先日、「故障しても許されるフェラーリ」という趣旨の記事タイトルを見かけた。
本文は会員限定だったので読んでいない。ただ、そのタイトルを見て、「信用は築くのに10年、失うのは一瞬」という有名な言葉を思い出した。
確かに、ブランドが信用を築くには長い時間がかかる。
品質を守る。期待を裏切らない。問い合わせにきちんと対応する。約束した日に商品を届ける。そうした小さな積み重ねによって、少しずつ信用はつくられていく。
一方で、大きな不祥事や失敗によって、それまで築いてきた信用を一気に失う企業もある。
ただ、本当に10年かけて築いた信用は、一度の失敗だけで一瞬にしてなくなるものなのだろうか。
むしろ、簡単になくなってしまうのであれば、それまで積み上げてきたものは、本当に信用だったのかとも思う。
故障しても許されるブランド
もちろん、「フェラーリなら壊れてもいい」という単純な話ではない。
しかし、フェラーリを買う人が求めている価値は、「絶対に故障しないこと」だけではないはずだ。
デザイン、走行性能、歴史、希少性、所有することそのものの体験。
そうした価値が長い時間をかけて積み上がっているからこそ、一つの欠点やトラブルがあったとしても、それだけですべての評価が覆るとは限らない。
これは、ブランドが長年築いてきた信用が機能している状態とも言える。
強いブランドとは、失敗しないブランドではないのかもしれない。
失敗したときにも、それまで積み上げてきたものが顧客の判断に残るブランドなのだと思う。
信用が一瞬で消えるとき
では、なぜ一つの出来事によって信用を大きく失うブランドもあるのか。
違いは、その出来事によって「過去の見え方」まで変わってしまうかどうかにあるのではないかと思う。
たとえば、長年品質を大切にしてきた企業が、一度製品トラブルを起こした。
それだけであれば、「こういうこともある。今後どう対応するのか見よう」と考える顧客もいるだろう。
しかし、そのトラブルを長期間隠していたことが分かったとしたら、意味は変わってくる。

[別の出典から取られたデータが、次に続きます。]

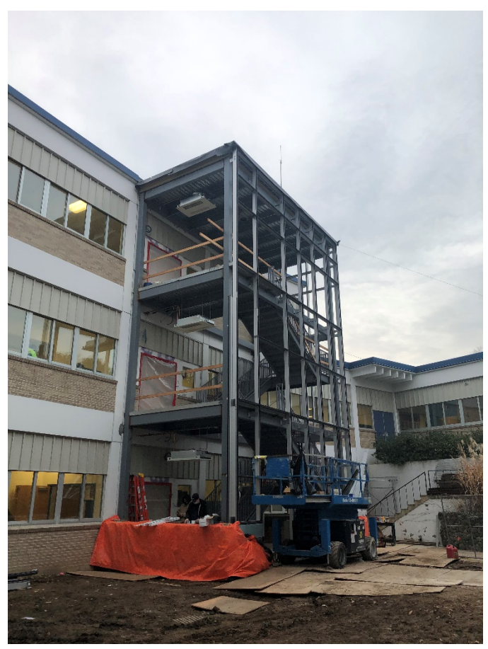
Week 34 – Mullions for curtainwall need to be installed on one side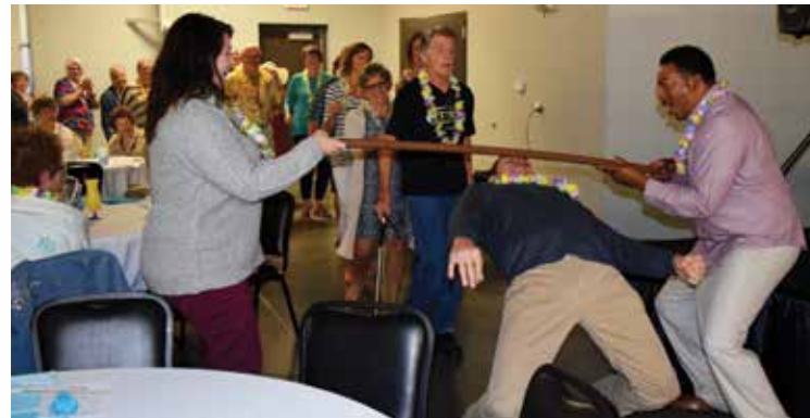
Guests participated in the limbo and a conga line.

これまで「品質を大切にしている会社だ」と思っていた過去の行動まで、別のものに見え始める。
信用が一瞬でなくなったように見えるとき、実際には一つの失敗が10年分の信用を消しているのではない。
その出来事によって、過去10年の解釈そのものが書き換わっている。
そう考えた方が近いのかもしれない。
信用が残るとき、消えるとき
- 一つの失敗があっても、それまで積み上げてきたものが顧客の判断に残るなら、信用は機能している。

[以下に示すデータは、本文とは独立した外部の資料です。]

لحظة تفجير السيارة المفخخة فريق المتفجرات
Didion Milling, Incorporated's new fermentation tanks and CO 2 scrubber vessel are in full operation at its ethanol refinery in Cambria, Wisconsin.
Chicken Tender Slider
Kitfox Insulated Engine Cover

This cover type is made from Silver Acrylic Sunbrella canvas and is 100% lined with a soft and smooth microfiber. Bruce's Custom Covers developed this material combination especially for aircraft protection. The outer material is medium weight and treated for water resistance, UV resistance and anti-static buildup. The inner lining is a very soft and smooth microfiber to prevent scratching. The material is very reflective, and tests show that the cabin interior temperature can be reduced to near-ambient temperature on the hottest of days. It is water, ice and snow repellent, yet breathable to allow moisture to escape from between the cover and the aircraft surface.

- その出来事によって過去の行動の見え方まで変わってしまうと、10年分の解釈がまとめて書き換わる。
人も同じだ
ここまで考えて、これは人間関係でも似ているなと思った。
長く付き合っている人が一度失敗したからといって、それまで見てきたものをすべて否定することはあまりない。
人間なので、間違えることもあれば、普段とは違う一面が出ることもある。
その一つの出来事だけで判断するのではなく、それまでどういう行動をしてきた人なのか、そして失敗したあとにどう振る舞うのかを見る。
一方で、一つの出来事によって「今まで見ていたこの人は何だったのだろう」と思えば、過去の記憶まで違って見える。
ブランドと人との間に築かれる信用も、案外似た構造なのだと思う。
おわりに|失敗したときに試される
ブランドを運営する側からすると、失敗しないことを目指すのは当然である。
しかし、どれだけ慎重に運営していても、長い時間の中で一度も問題を起こさない企業はほとんどない。
だからこそ、普段から積み上げている信用に意味がある。
何も起きていないときには見えにくいが、何かが起きたときに、
「この会社なら、きちんと対応するだろう」
「今回は残念だったけれど、これまでの経験まで否定する必要はない」
と思ってもらえる。
それもまた、ブランドが長い時間をかけて築いてきた資産なのだと思う。
そして、当社もこの9月から10期目に入った。
ちょうど「10年」という時間を少し意識する節目でもあったので、このテーマについて書いてみようと思った。
これまで一つひとつ積み上げてきた仕事や関係が、何かあったときにも簡単には消えないものになっているとしたら、それは会社としてとても大きな財産だと思う。
10年の信用は、一瞬では消えない。
今後も積み上げていきたいと思った次第であります。